Here's another article it's on the 27HP vanguard. All I'm able to find are press release articles. The Vanguard may still be too new to have much to say about it, positive or negative.
Not enough to base a decision on. Other than Carlton, Rayco or other companies that use the Vanguard engine saying they've had customers report problems.
The guy at carlton said that they haven't had any problems reported. Recently they've sold around 80% of the SP4012 models with the 35hp Vanguard. The SP4012 is their most popular model according to their web site. Maybe time will tell after the vanguard engines have been in service for awhile.

The Rayco salesman, didn't really seem to know much about the Vanguard 35HP, which they use on their 1635 model, so I couldn't get much from him about it at all. I'll call back, Monday and talk to someone else.
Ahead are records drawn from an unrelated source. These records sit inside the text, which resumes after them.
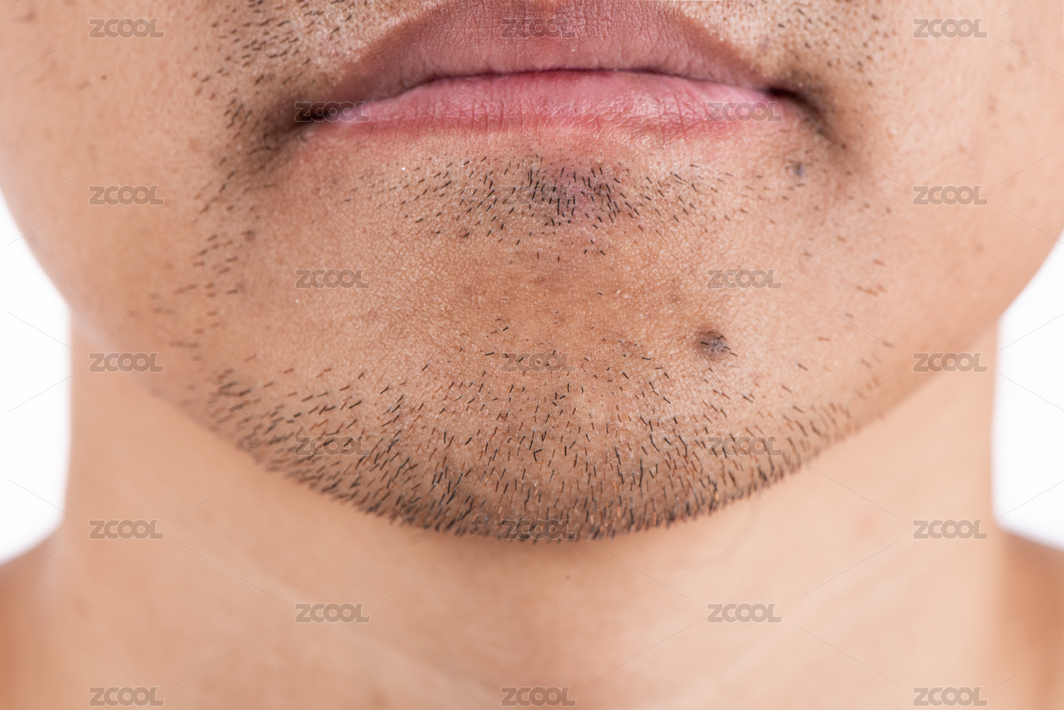 白色背景里的正在涂抹洗面奶的亚洲男士面部特写,化妆护肤整容
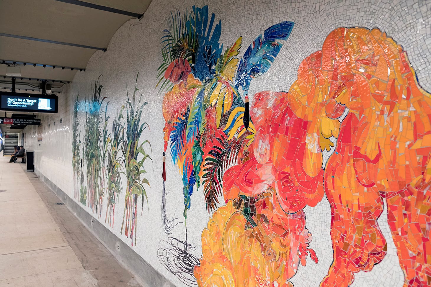 A newly installed artwork at the 163rd Street MTA station vividly depicts flora from the Northeast and the Caribbean.
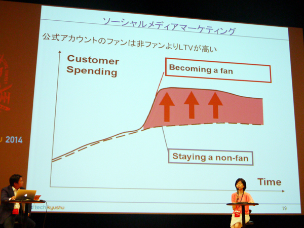 ここで田島氏は、間接貢献の事例を提示する。「ソーシャルメディアと楽天IDをリンクケージしたカスタマーのデータ分析を行ったところ、Facebookページのいいね!を押しているファン、Twitterのフォロワー、そしてLINEの友だちになってくださっている方々は、非ファンの方々よりも、LTVが高いことがわかりました。つまり、ソーシャル会員は年間購買金額がある一定量高いことが明らかになったのです。これにより、ファン化することで間接的に売上に貢献することが見えてきたのです」
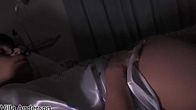 Petite half-asian catches bestie masturbating then straps on for anal lesbian pound
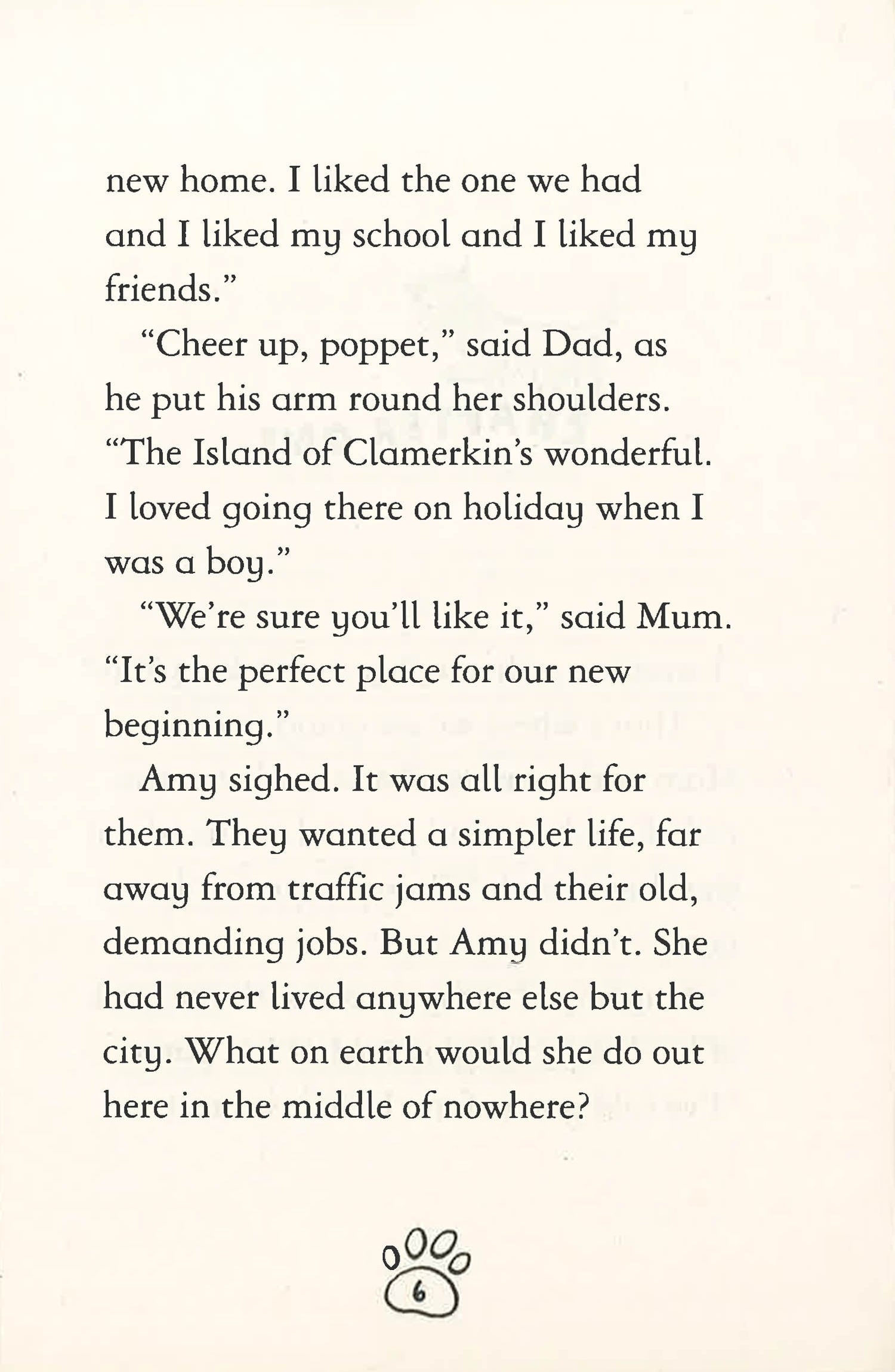 Welcome to the world of Amy Wild, where dogs tell their secrets, cats perform rescue missions, and an entire island is squeaking and squawking with animal magic! When Amy Wild goes to live at her great-aunt's tea room on the island of Clamerkin, Granty, her great aunt, welcomes her with a very special necklace - a necklace that gives Amy the power to talk to animals. Granty's terrier, Hilton, immediately introduces Amy to the Clan - a group of animals whose job is to protect the island and keep it a happy place to live. But the Clan cats are suspicious about their prospective new member, and Amy must prove herself to win their trust. Ever wondered what your pet is really thinking? Animal lovers everywhere will be instantly enchanted by this Dr. Doolittle for a new generation.
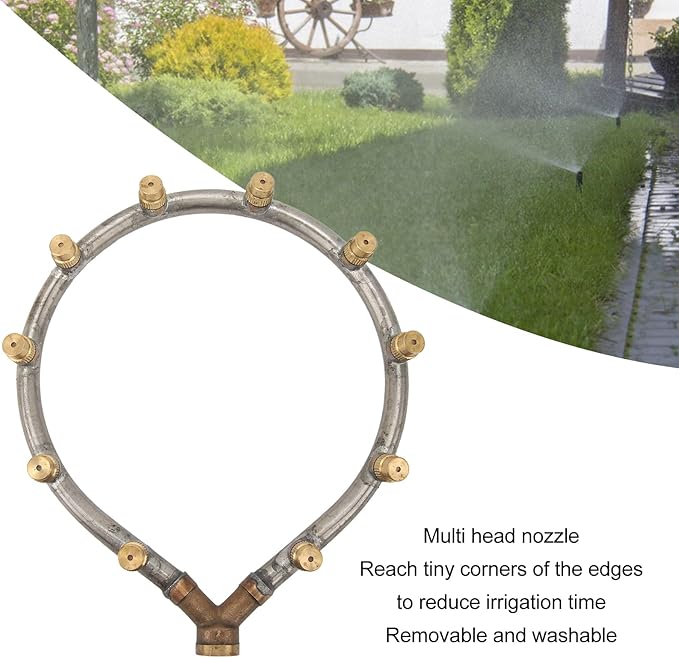 - Multi Head Design: With its multiple head nozzles, atomizing ring can touch even the tiniest corners and edges of your desired area. This design helps to reduce irrigation time by ensuring that every corner and cranny receives proper water coverage
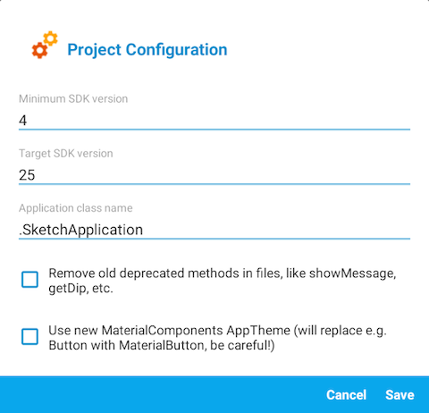 The Configuration menu is mostly used to change the SDK version number, though for modern Android compatibility purposes, it is recommend to keep the SDK versions as they are.
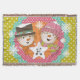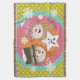 Ein Schneemann in einem Top-Hut, ein Schneemann in einem rosa Winterhut und gestreiftem Schal, ein Hintergrund weißer Polka Punkte auf Senf, Aqua Blau, Rosa und Orange mit einem weißen Stern, den Sie leicht mit Ihrem Monogramm-Initial anpassen können! Dieses hübsche Weihnachtsschneedecke wird Jahr für Jahr ein wertvolles Thema sein!
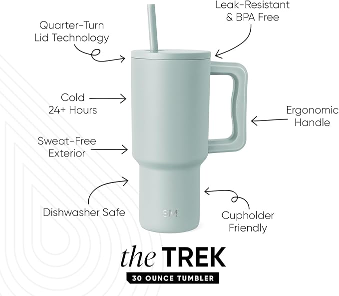 Simple Modern 30 oz Trek Tumbler with Handle and Straw Lid | Cup Holder Friendly Insulated Stainless Steel Travel Mug | Sea Glass Sage
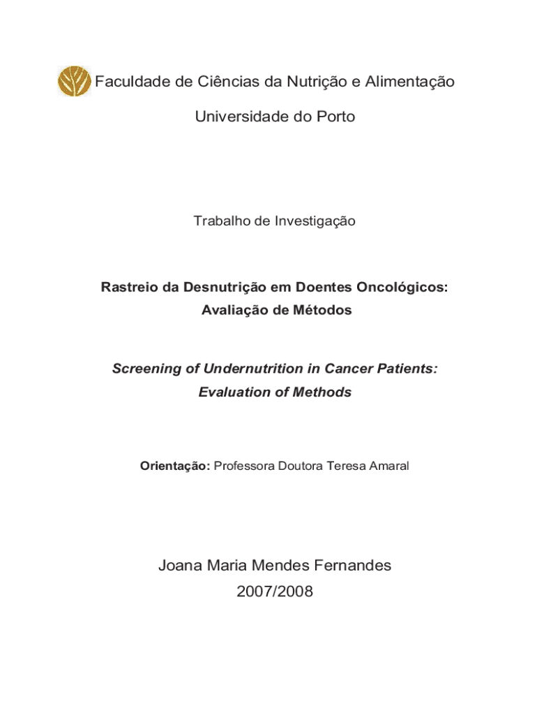 Facade de Cincias the Nutria e Alimentary Universidade do PortoTrabalho de InvestigaoRastreio the Desnutrio em Denotes Oncologists: Amalia de MtodosScreening of Undernutrition in Cancer Patients:
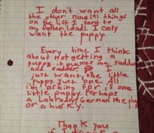 Emily, nepotica in varsta de 8 ani a unui utilizator al site-ului Reddit vrea doar un catel de Craciun, asa ca i-a scris lui Mos Craciun o scrisoare foarte exacta in legatura cu dorinta ei arzatoare.

http://www.highbeam.com/doc/1G1-92527042.html

Thanks again for all the opinions.

Regards,
Mitch


----------



## gasman

Speaking out of my own research and limited experience I would guess the motor would be fine. I think the more important question will be the other components of the machine you choose. I unfortunately can't help you with that. If you are not comfortable with the motor I do know of a small motor whiz on a non-arborist forum I could reference to you if you would like to try to get his opinion.


----------



## SinglerM

*Hi gasman.*

From all the reading I've been doing, I'll be going with the Carlton SP4012. I'll be equipped with:
Briggs and Stratton Vanguard 35HP gas engine.
Dura Disk cutter wheel.

I haven't been able to find anything bad at all about the Briggs Vanguard engine. Being a machinist by trade, the dura disk makes a lot of sense, I'm familiar with Sandvick, a lot of the cutting tools I've used for lathes and milling machines are made by them.
It does seem that there are not too many reports from stump grinder owners here on AS.
In January, I'll do a side by side comparison with my friends Stumpgrinder in Mississippi. He has a diesel SP4012 with the regular cutter wheel. I'll try and video the diferences between the two cutter wheels.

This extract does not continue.